憲法改正について安里氏は憲法をパソコンのOSに例え、「時代に即してバージョンアップするのは必要」と提唱し「国民に現行憲法の問題を提起すべきだ」と主張する。憲法9条についても、自衛隊の違憲性が問われることがないよう「加憲」で補足することが現実的として「変える必要がある」とした。
高良氏は学者として35年間、憲法に携わったとして「沖縄でないがしろにされてきた人権尊重、平和主義など憲法の理念実現に向けて取り組む」として「反対」を掲げる。9条については「人類の進むべき指針」として「9条改悪に反対し、安保関連法の廃止に取り組む」とした。
自衛隊の位置付けや先島への配備を巡っての双方の意見は分かれる。安里氏は自衛隊の役割について「軍隊という位置付けよりも国民の生命財産を守るためになくてはならない存在」と主張し、先島配備にも「賛成」の立場だ。高良氏は自衛隊の位置付けについて公開討論会の場で「日本の救助隊になることが日本、海外のためにいい」と主張し、先島配備には「反対」の立場だ。

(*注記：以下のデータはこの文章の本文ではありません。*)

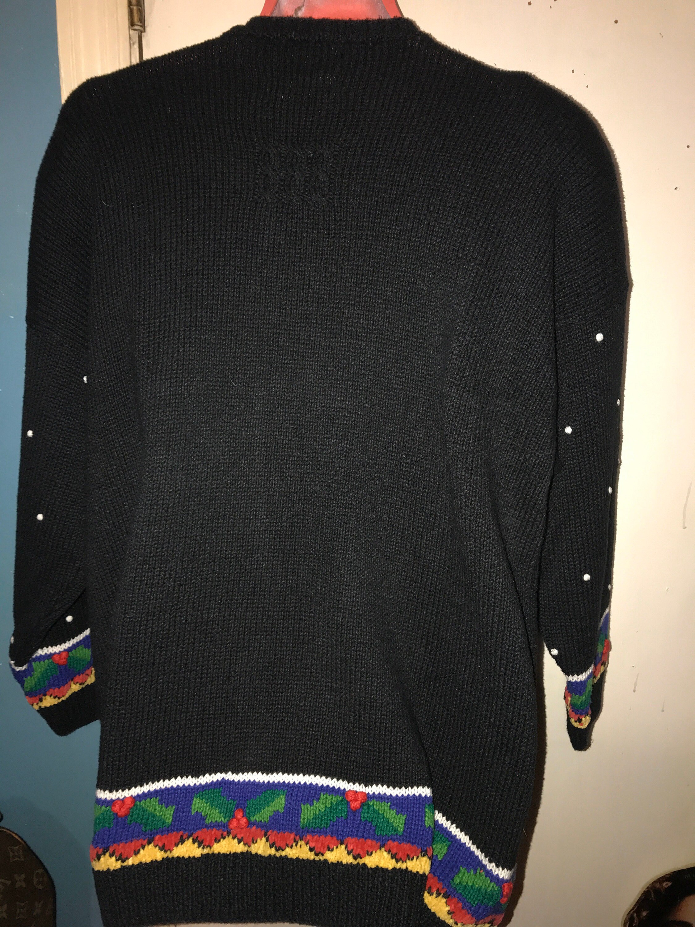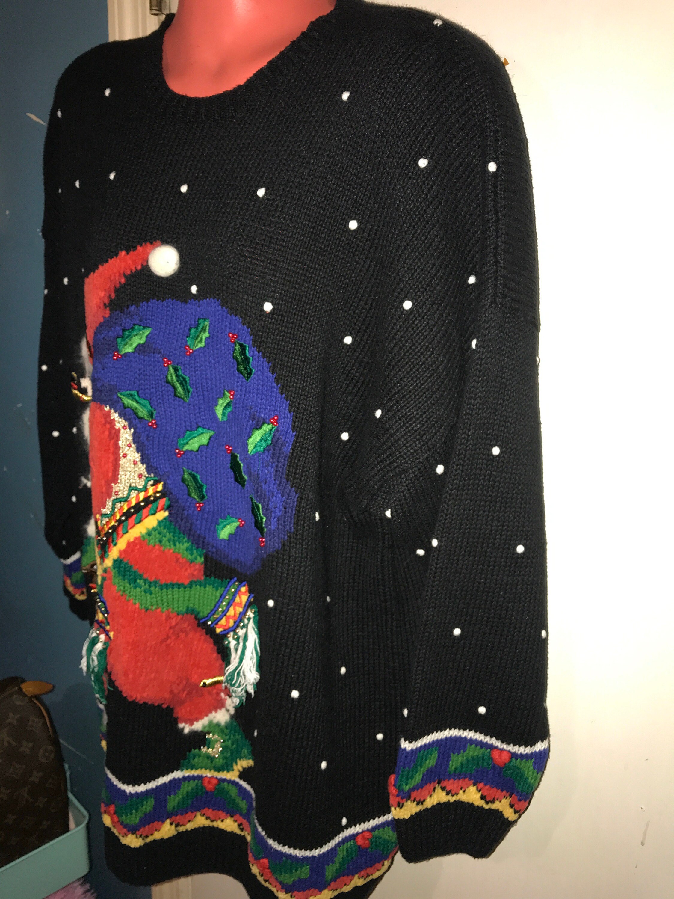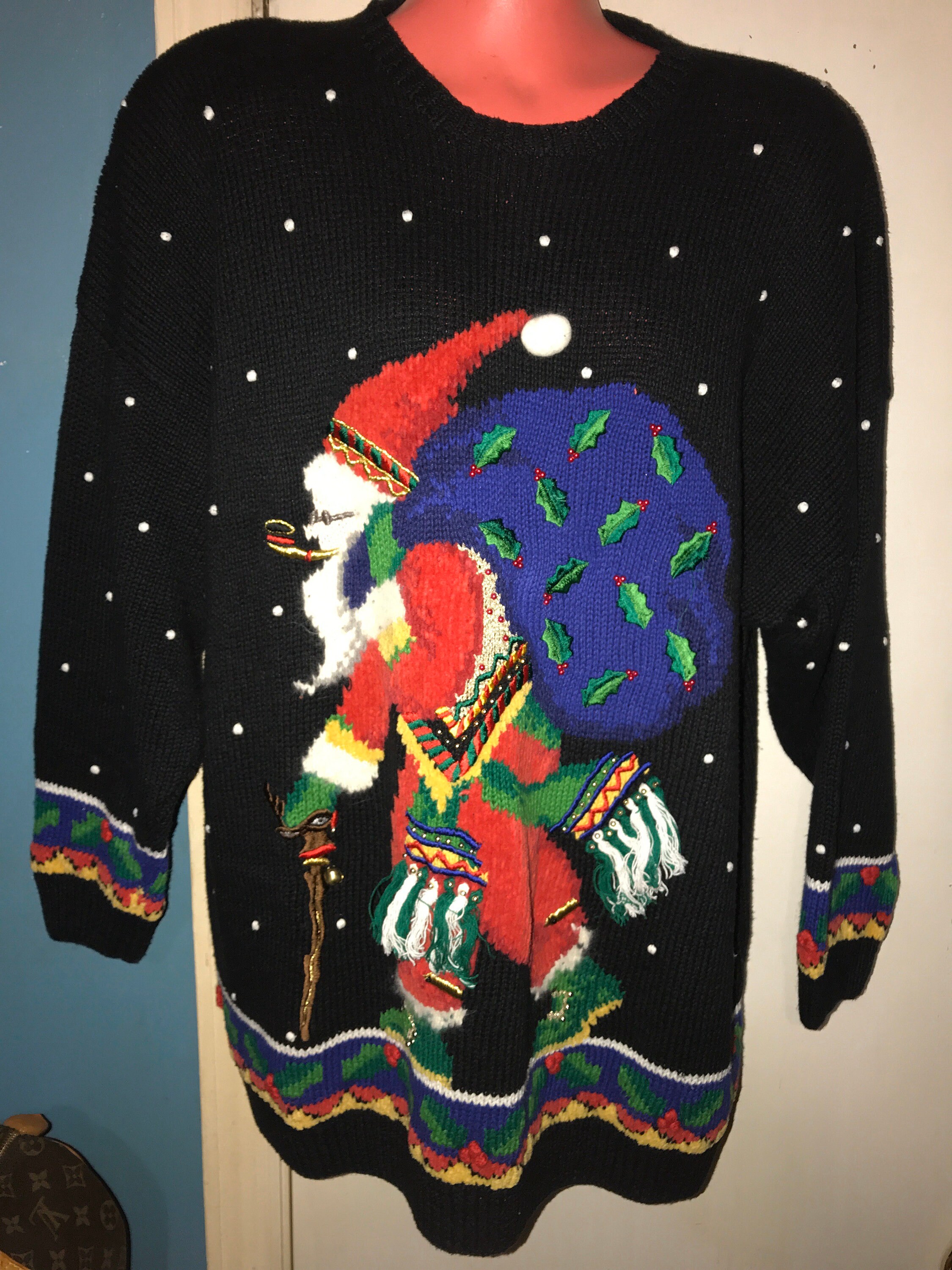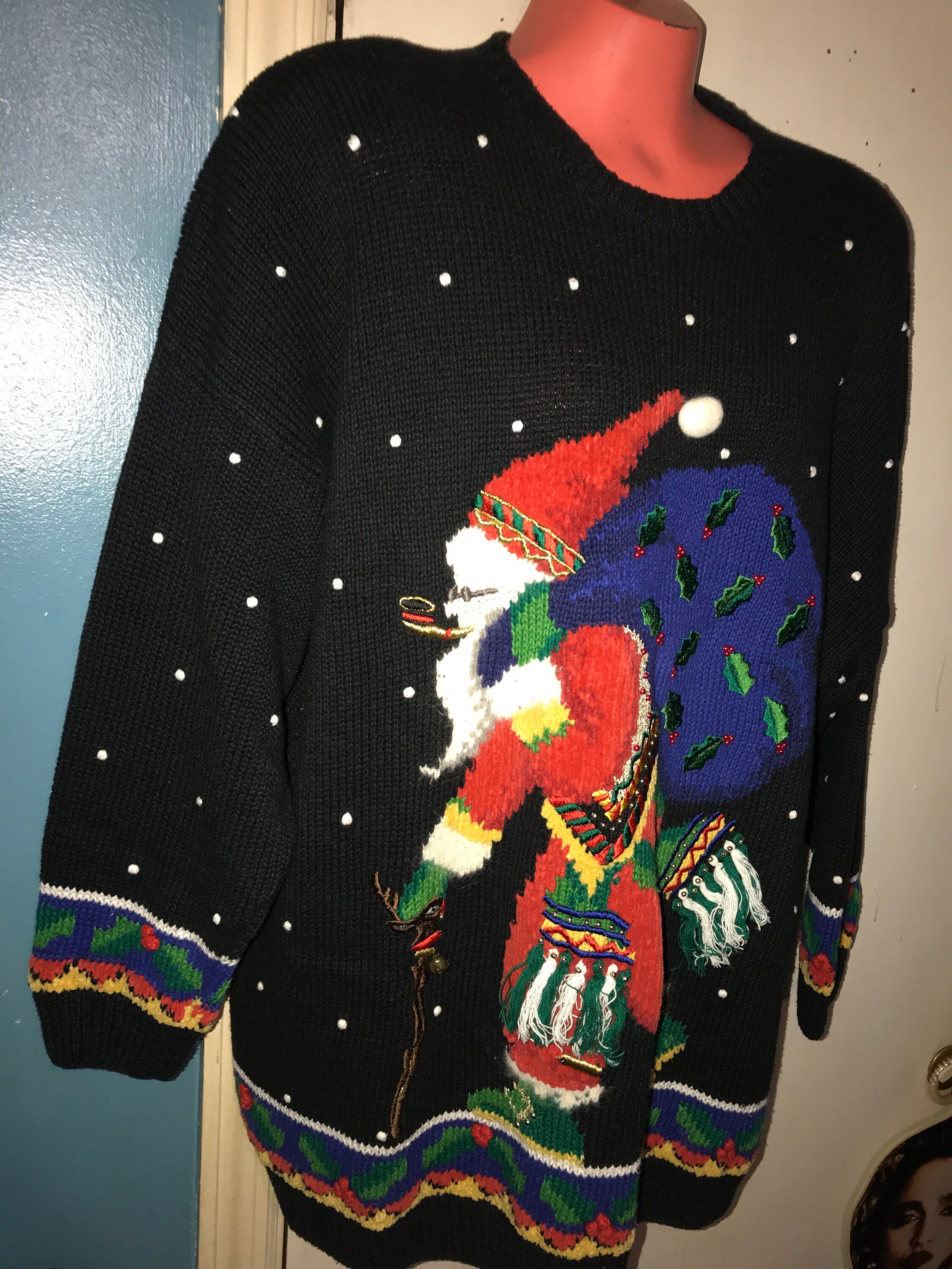 This ugly sweater is nice with an Old Saint Nick walking with a reindeer cane and his big bag of gifts. He’s also got some really cool snow boots on! It’s a really great sweater, super long and would be great with leggings and boots.

沖縄に基地が集中する根本的な原因ともなっている日米安全保障条約の評価を巡っても意見が分かれた。安里氏は「東アジア情勢に鑑み、『維持』すべきだ」と主張する。一方で、100年先を見据え、安保体制については「国民全体で考える時期にきている」とした。高良氏は「平和友好条約」に変えるべきとの立場。「憲法の上に日米安保がある現状を改める必要がある」として日米安保条約の将来的な「破棄」に踏み込む。